Страница 45 из 52
— Онуфрий сказал мне…
— Ничего опасного.
— Я велела Сусанне начать десятидневное моление за твое здоровье.
Он недовольно поморщился. Как трепетало, как безумно билось сердце и ни за что не хотело успокоиться.
— Иди. Я утомлен, хочу отдохнуть… — сказал он, не глядя на жену.
— Может, вызвать врача?
— Нет, нет, нет! Я уже сказал, что ничего страшного. Ты утомляешь меня. Иди себе.
Она вышла тихонько, как мышь, долго притворяла дверь, боясь скрипнуть. Тогда он позвонил.
— Онуфрий! Ко мне — никого, понимаешь? Никого! Когда мне что-нибудь понадобится, я позвоню.

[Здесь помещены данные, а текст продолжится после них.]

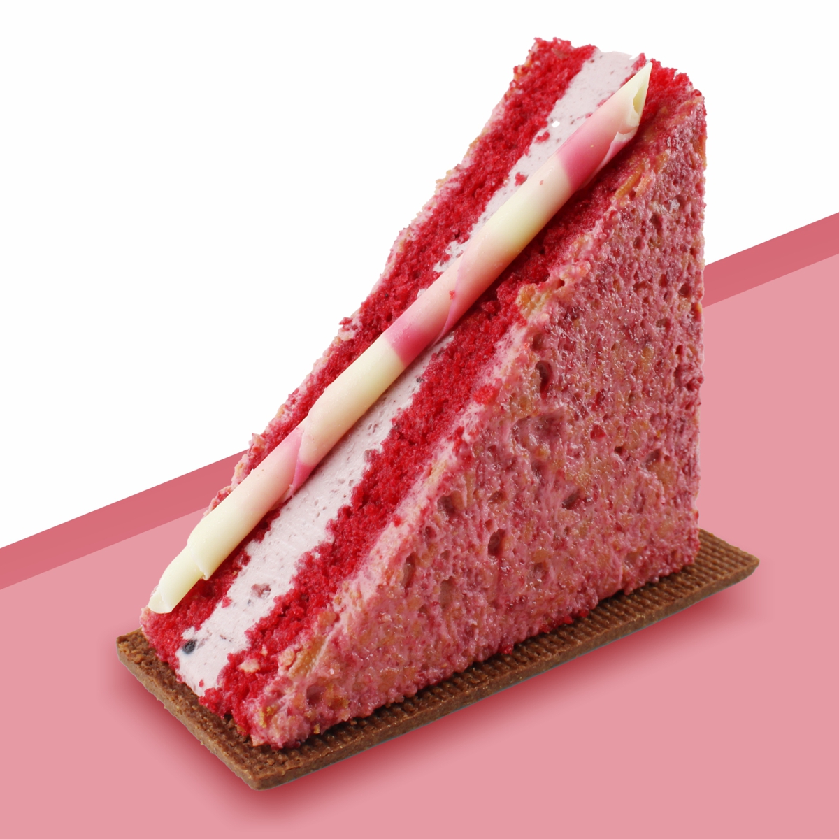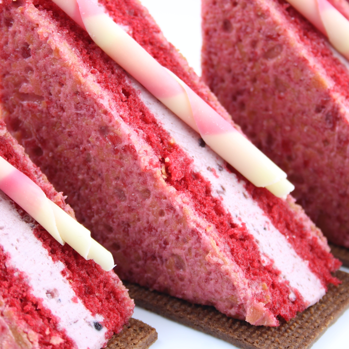 - Cobrir com a segunda camada de Pasta de Cake Red Velvet, nivelar e aplicar novamente uma fina camada de Praliné de Frutos Vermelhos na parte superior.
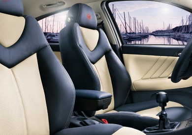 The red coulisse on the gaiters of the gear lever and hand brake knobs and on the document pockets of the seats gives an extra touch of refinement. The kick-panels decorated with the M&N logo and the rope and frogging pattern on the mats underline the bond between this 147 and the sailing world. There is a generous range of M&N accessories that includes a large bag, a key-ring and a document folder with the company logo. Standard equipment on the Alfa 147 Murphy&Nye also includes foglights, dual zone automatic climate control, Cruise Control, a trip computer, VDC, ASR, 6 airbags and a radio complete with CD player and 6 speakers.
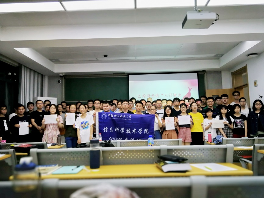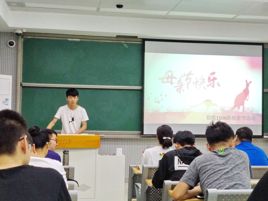 呱呱坠地,是母亲给了我们生命;二十弱冠,是母亲教会了我们处事为人;科大圣地,这里有母亲的功绩。为了表达对远方母亲的感激与思念之情,信息学院1504班班委精心策划和编排,于母亲节当晚7点在3A109教室举办了母亲节专题活动。本次活动由班长薛峰主持,尽管是周日,班主任吴善珍老师一如既往地到场给同学们拍照留念,教室内座无虚席,同学们热情高涨。
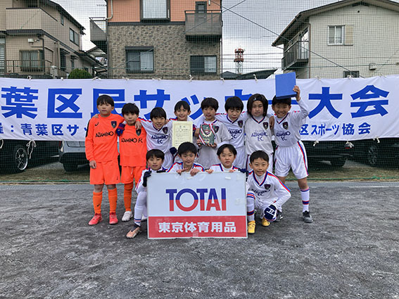 優勝:あざみ野FC(B)/準優勝:青葉FC(B)/3位:しらとり台FC/敢闘賞:あざみ野FC(W)
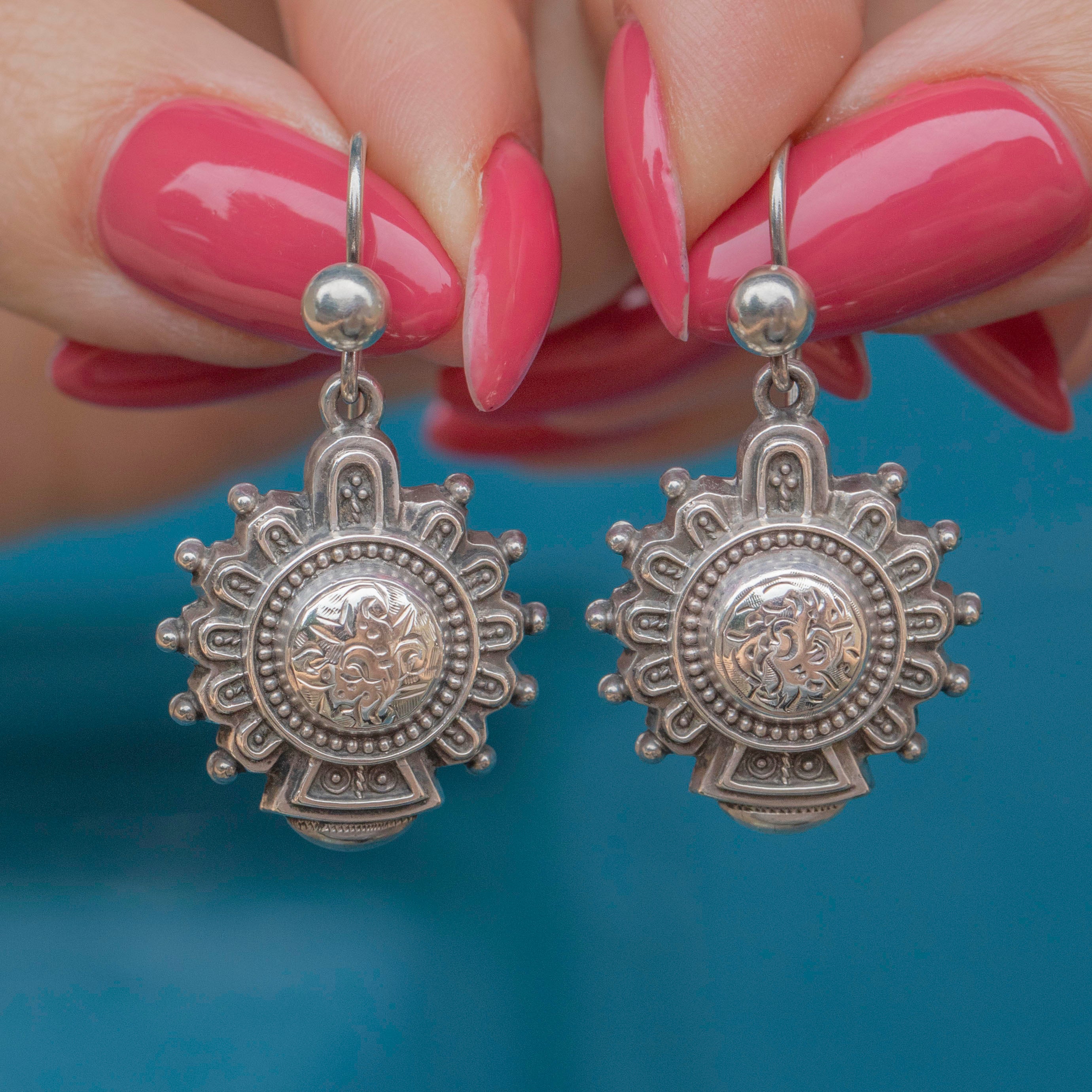 VERY GOOD. These Victorian Aesthetic Silver earrings are in very good condition. Their form is fantastic, with the detailing throughout remaining crisp and illuminated by the antique patina behind. On the back, there is some subtle wear to the Silver but nothing untoward. With secure ear hooks, you can wear these Victorian Silver earrings with the utmost confidence!
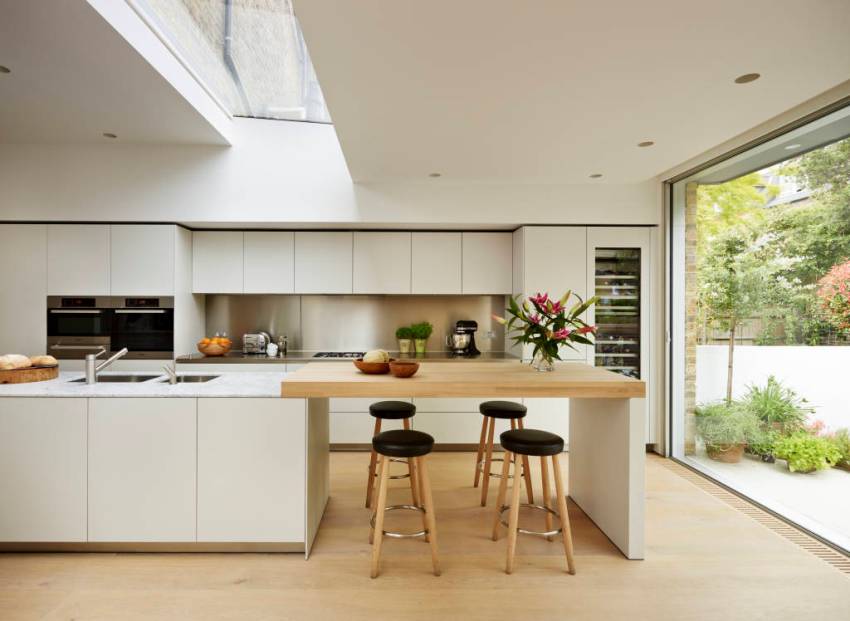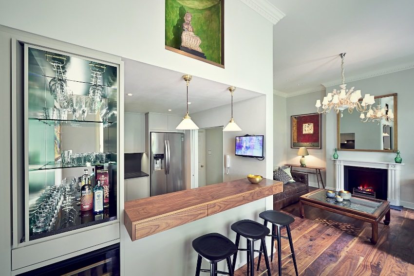 - transformatory. Są to kuchnie, w których niektóre meble można złożyć, rozłożyć i przekształcić w inne. W tych kuchniach blat barowy można złożyć lub włożyć do zestawu słuchawkowego, jeśli nie jest to konieczne, i wyjąć lub rozłożyć w razie potrzeby. To rozwiązanie jest popularne, gdy przestrzeń jest ograniczona;
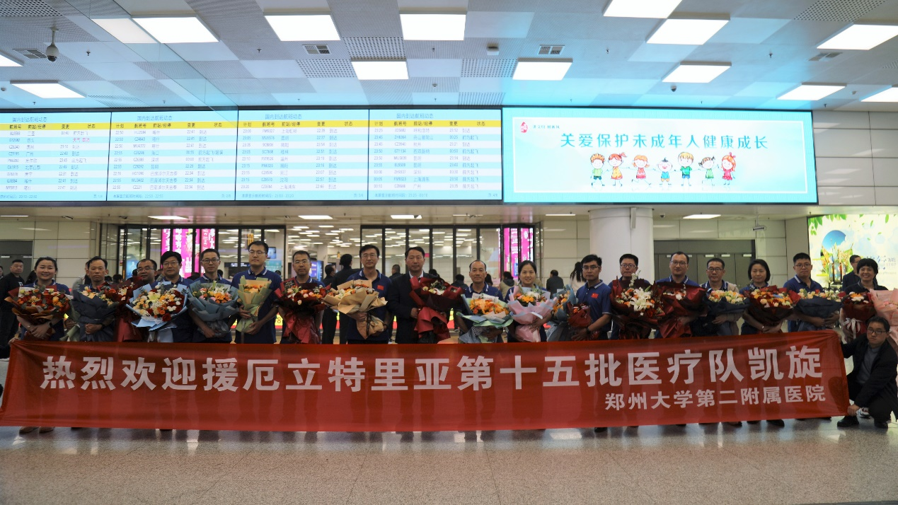 4月21日,由bat365在线中国官网登录入口第二附属医院为队长单位的中国援厄立特里亚第15批医疗队,圆满完成为期14个月的医疗援助任务载誉归来,抵达新郑国际机场。省卫健委相关负责人、二附院党政班子成员及职工代表来到机场,迎接他们回家。

Он передохнул, попытался улечься поудобнее, но при каждом движении сердце начинало колотиться еще более стремительно и неровно. И он лежал неподвижно, хотя угол подушки мучительно жал ему шею.
Болела голова. Он с трудом ловил воздух открытым ртом.
«Как рыба, совсем как рыба…» — подумалось ему с омерзением.
Да, нечего было обманывать себя — машина испортилась. Это была старость, подступающая медленно, но неумолимо, высасывающая из человека кровь, отнимающая силу у мускулов, зоркость у глаз, коварно подкашивающая старость. Не та старость, которая приходит внезапным ударом, болезнью, от которой больше не поднимаешься, а та медленная, немощная, истощающая изо дня в день.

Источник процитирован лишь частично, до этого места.